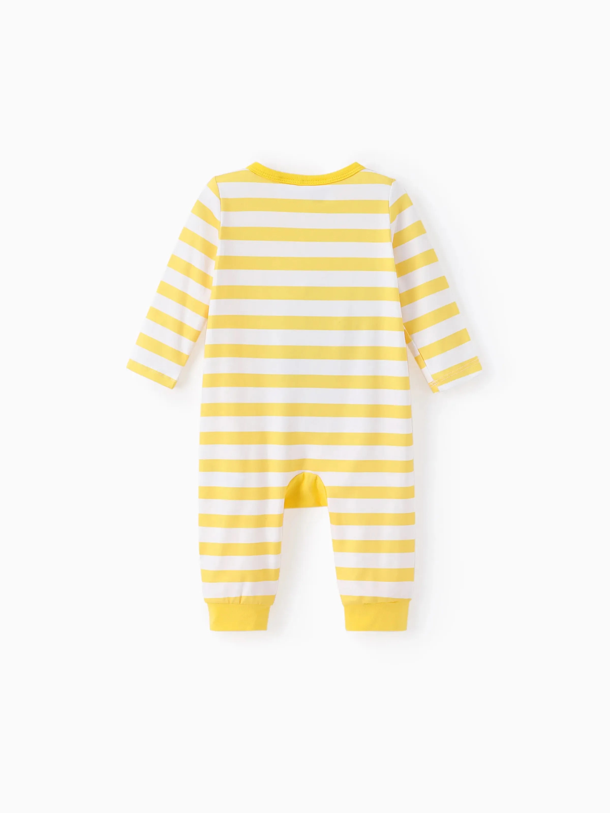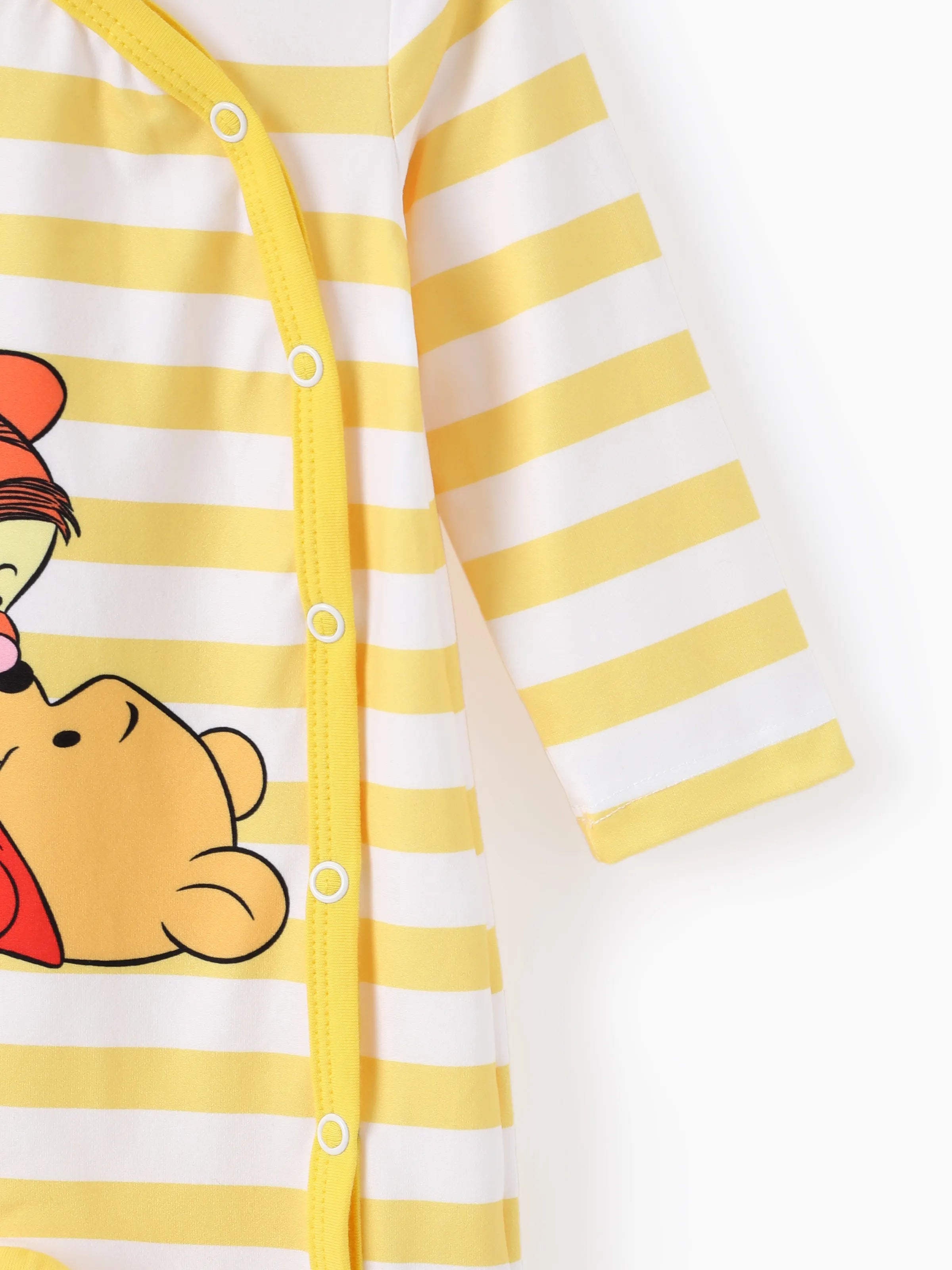 Disney Winnie the Pooh Baby Girl/Boy Stripe & Character Print Long-sleeve Jumpsuit Yellow
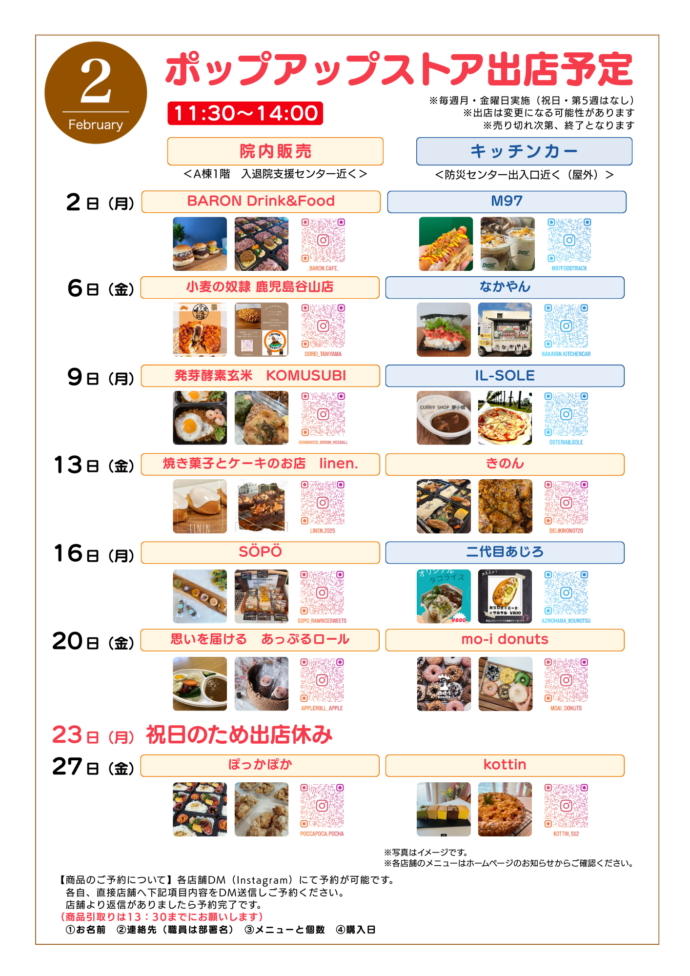 2月の出店スケジュールは以下のとおりです。
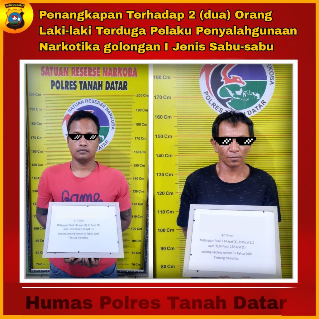 Tanah Datar, SUMBAR – Maspolin.id|| Dalam upaya menekan Penyebaran serta Penyalahgunaan Narkotika di Wilayah Hukum Polres Tanah Datar, Tim Tarantula Sat Res Narkoba kembali berhasil mengamankan 2 (dua) orang Laki-laki yang diduga menjadi pelaku penyalahgunaan Narkotika Golongan I Jenis Sabu-sabu di Kecamatan Sungai Tarab Kab Tanah Datar.
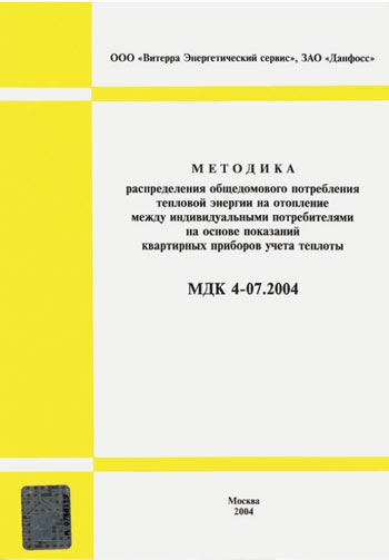 - МДК 4-07.2004 «Методика распределения общедомового потребления тепловой энергии на отопление между индивидуальными потребителями на основе показаний квартирных приборов учета теплоты». – М.: Госстрой РФ, 2004.
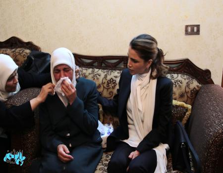 زارت جلالة الملكة رانيا العبدالله اليوم الثلاثاء ديواني عشيرتي الحيارات والعواملة في السلط لتقديم واجب العزاء بالشهيدين عّمر الحياري ومحمود العواملة اللذين استشهدا في العملية الإرهابية التي وقعت صباح الاثنين على مكتب المخابرات العامة في البقعة وادت الى استشهاد خمسة افراد اثناء اداء واجبهم الرسمي .
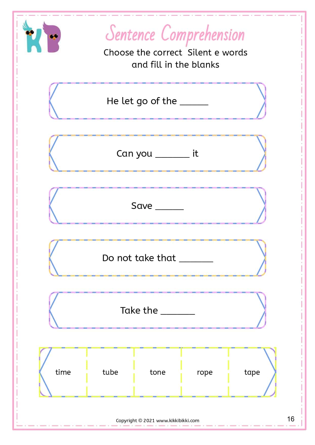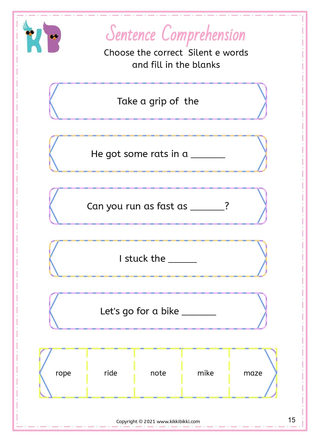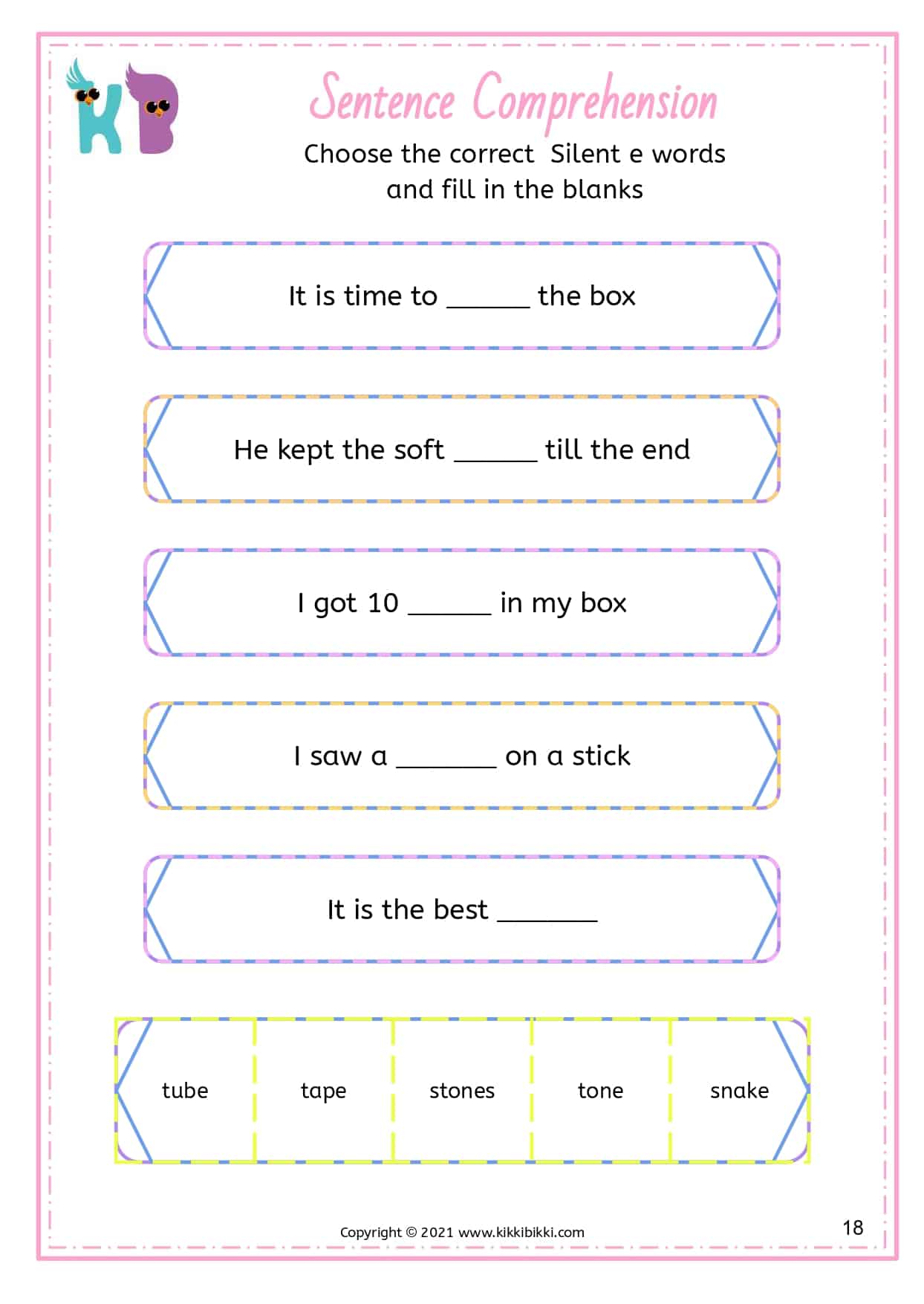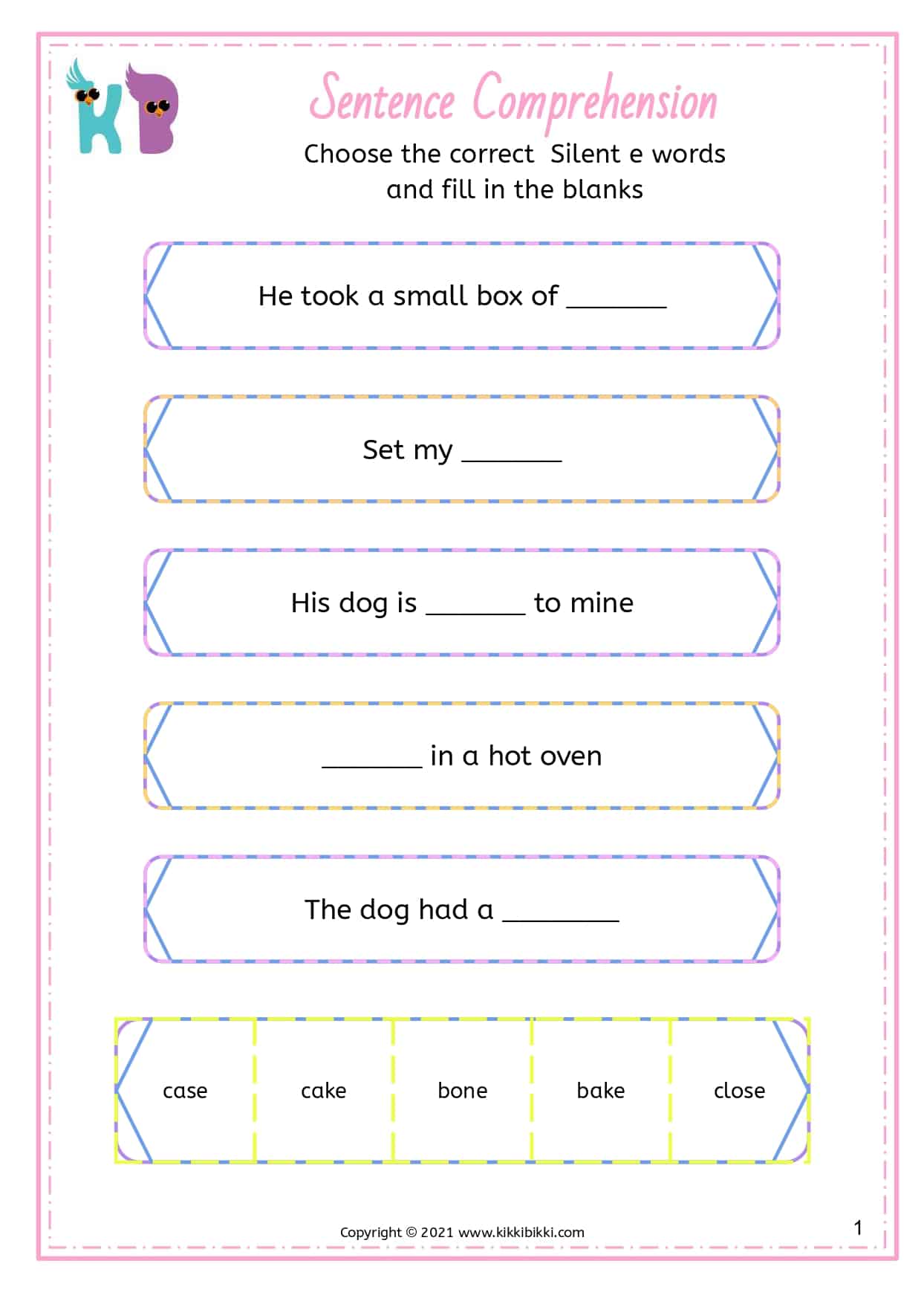 Unlocking the world of silent E words is an essential step in developing reading fluency and vocabulary skills for kindergarteners. Our free simple comprehension worksheets offer an exciting opportunity to reinforce silent E word recognition, comprehension, and vocabulary expansion. By engaging in these activities, children build the foundation they need to become confident readers with a strong command of silent E words. Embrace the magic of silent E and watch your child's reading abilities flourish!
----
WHAT NEEDS TO BE DONE: Retype the lines from the one containing "2月の出店スケジュールは以下のとおりです。" down to the last line of the records, both included, exactly and nothing more. Pictures stay out.

PROBLEM SOLUTION:
 2月の出店スケジュールは以下のとおりです。
 Tanah Datar, SUMBAR – Maspolin.id|| Dalam upaya menekan Penyebaran serta Penyalahgunaan Narkotika di Wilayah Hukum Polres Tanah Datar, Tim Tarantula Sat Res Narkoba kembali berhasil mengamankan 2 (dua) orang Laki-laki yang diduga menjadi pelaku penyalahgunaan Narkotika Golongan I Jenis Sabu-sabu di Kecamatan Sungai Tarab Kab Tanah Datar.
 - МДК 4-07.2004 «Методика распределения общедомового потребления тепловой энергии на отопление между индивидуальными потребителями на основе показаний квартирных приборов учета теплоты». – М.: Госстрой РФ, 2004.
 زارت جلالة الملكة رانيا العبدالله اليوم الثلاثاء ديواني عشيرتي الحيارات والعواملة في السلط لتقديم واجب العزاء بالشهيدين عّمر الحياري ومحمود العواملة اللذين استشهدا في العملية الإرهابية التي وقعت صباح الاثنين على مكتب المخابرات العامة في البقعة وادت الى استشهاد خمسة افراد اثناء اداء واجبهم الرسمي .
 Unlocking the world of silent E words is an essential step in developing reading fluency and vocabulary skills for kindergarteners. Our free simple comprehension worksheets offer an exciting opportunity to reinforce silent E word recognition, comprehension, and vocabulary expansion. By engaging in these activities, children build the foundation they need to become confident readers with a strong command of silent E words. Embrace the magic of silent E and watch your child's reading abilities flourish!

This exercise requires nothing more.